= Your goal =
Beginning at the line containing "Generalmente quema tatuajes", repeat each line below exactly up to and including the line containing "一款通用的本地特产/美食外卖". Do not repeat the pictures.

= Provided data =
________________________
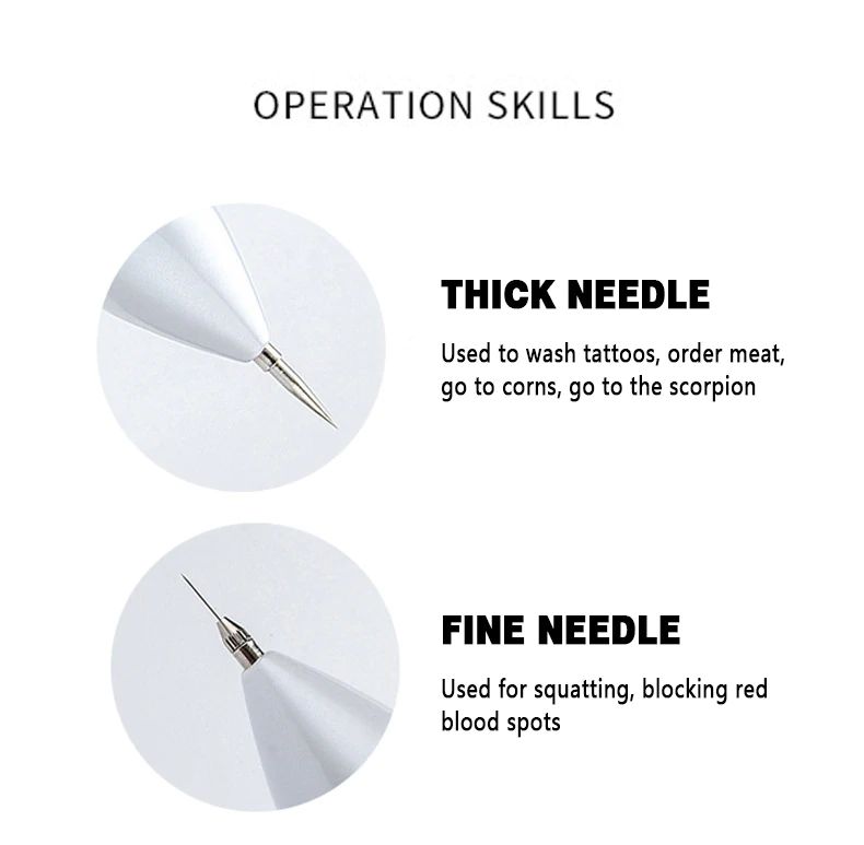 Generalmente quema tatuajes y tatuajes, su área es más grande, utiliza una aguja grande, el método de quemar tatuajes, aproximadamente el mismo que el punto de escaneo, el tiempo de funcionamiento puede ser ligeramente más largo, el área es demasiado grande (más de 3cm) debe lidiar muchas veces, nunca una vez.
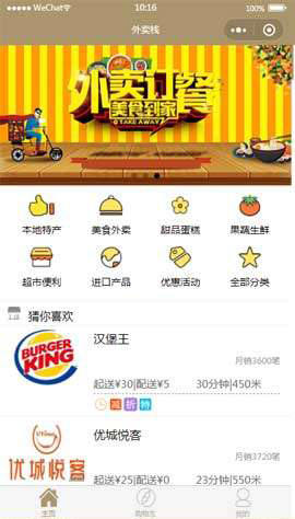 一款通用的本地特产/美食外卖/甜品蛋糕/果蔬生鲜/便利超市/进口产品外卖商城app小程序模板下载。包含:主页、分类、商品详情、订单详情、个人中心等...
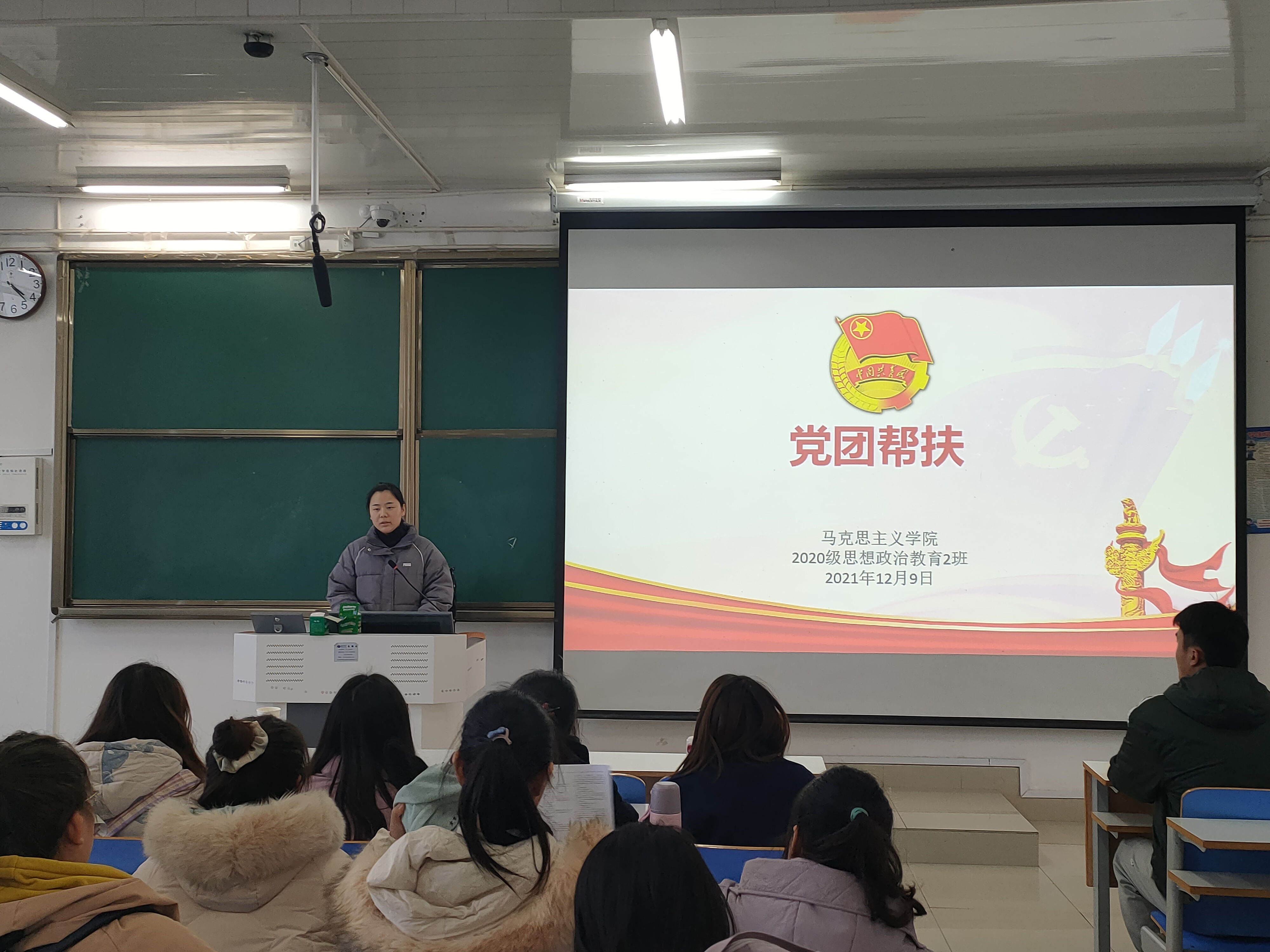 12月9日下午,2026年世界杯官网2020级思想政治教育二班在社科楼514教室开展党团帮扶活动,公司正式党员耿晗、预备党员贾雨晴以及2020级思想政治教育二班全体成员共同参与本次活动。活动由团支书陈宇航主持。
________________________
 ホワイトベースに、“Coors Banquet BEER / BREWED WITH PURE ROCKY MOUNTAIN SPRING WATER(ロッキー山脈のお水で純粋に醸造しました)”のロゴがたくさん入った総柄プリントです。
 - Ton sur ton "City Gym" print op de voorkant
________________________
= Solution to the problem =
 Generalmente quema tatuajes y tatuajes, su área es más grande, utiliza una aguja grande, el método de quemar tatuajes, aproximadamente el mismo que el punto de escaneo, el tiempo de funcionamiento puede ser ligeramente más largo, el área es demasiado grande (más de 3cm) debe lidiar muchas veces, nunca una vez.
 一款通用的本地特产/美食外卖/甜品蛋糕/果蔬生鲜/便利超市/进口产品外卖商城app小程序模板下载。包含:主页、分类、商品详情、订单详情、个人中心等...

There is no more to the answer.